Given data —
[Start of Attachment]
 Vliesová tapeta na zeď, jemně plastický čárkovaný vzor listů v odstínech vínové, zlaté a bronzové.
[End of Attachment]
[Start of Attachment]
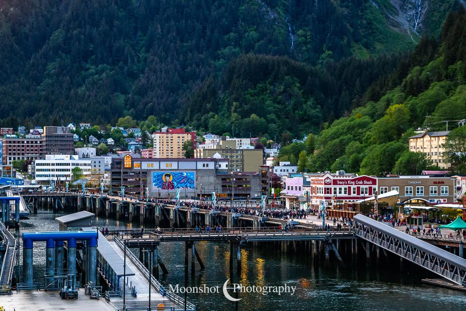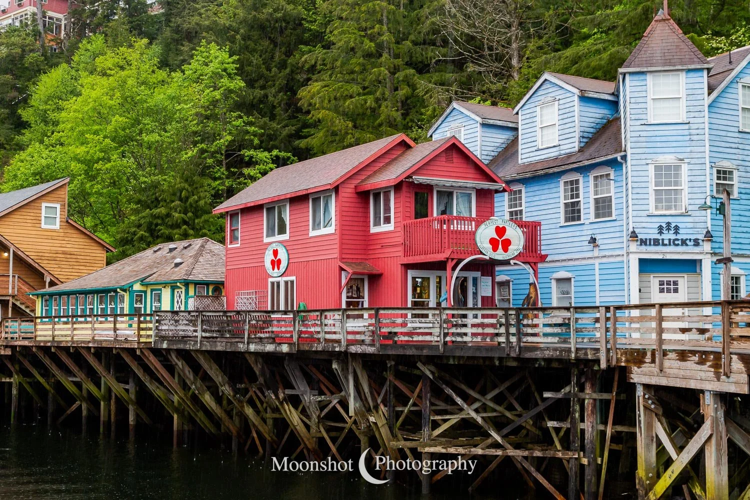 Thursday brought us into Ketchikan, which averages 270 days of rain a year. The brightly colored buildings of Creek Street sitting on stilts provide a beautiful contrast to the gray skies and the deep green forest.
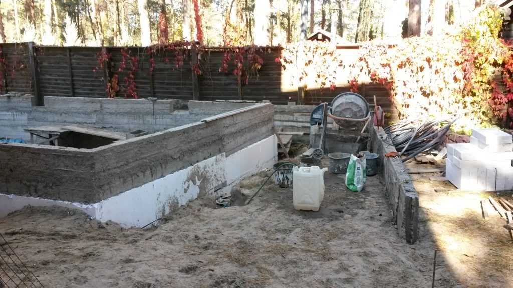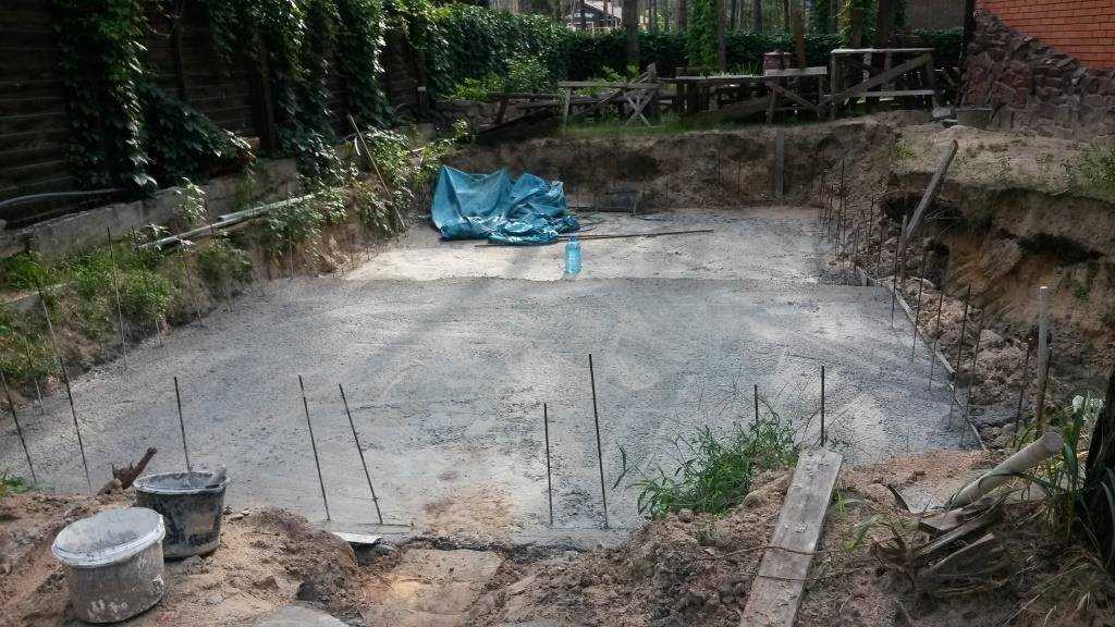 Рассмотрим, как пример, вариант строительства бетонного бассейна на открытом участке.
[End of Attachment]
[Start of Attachment]
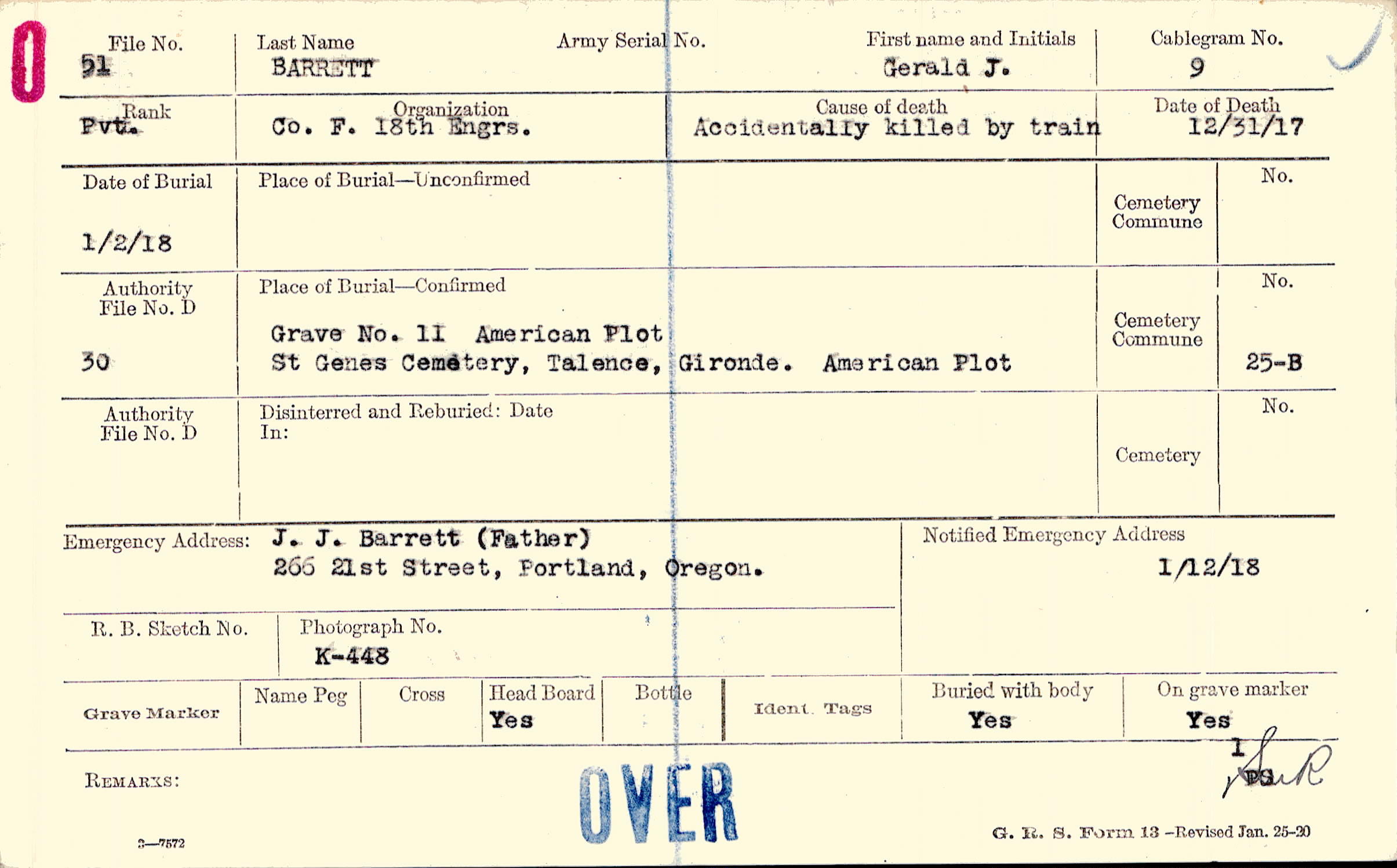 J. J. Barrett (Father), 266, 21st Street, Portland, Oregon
[End of Attachment]
Exercise — For the entries above, print exactly the lines between the one with "Thursday brought us" and the one with "Рассмотрим, как пример, вариант", inclusive, with no pictures.

Result —
 Thursday brought us into Ketchikan, which averages 270 days of rain a year. The brightly colored buildings of Creek Street sitting on stilts provide a beautiful contrast to the gray skies and the deep green forest.
 Рассмотрим, как пример, вариант строительства бетонного бассейна на открытом участке.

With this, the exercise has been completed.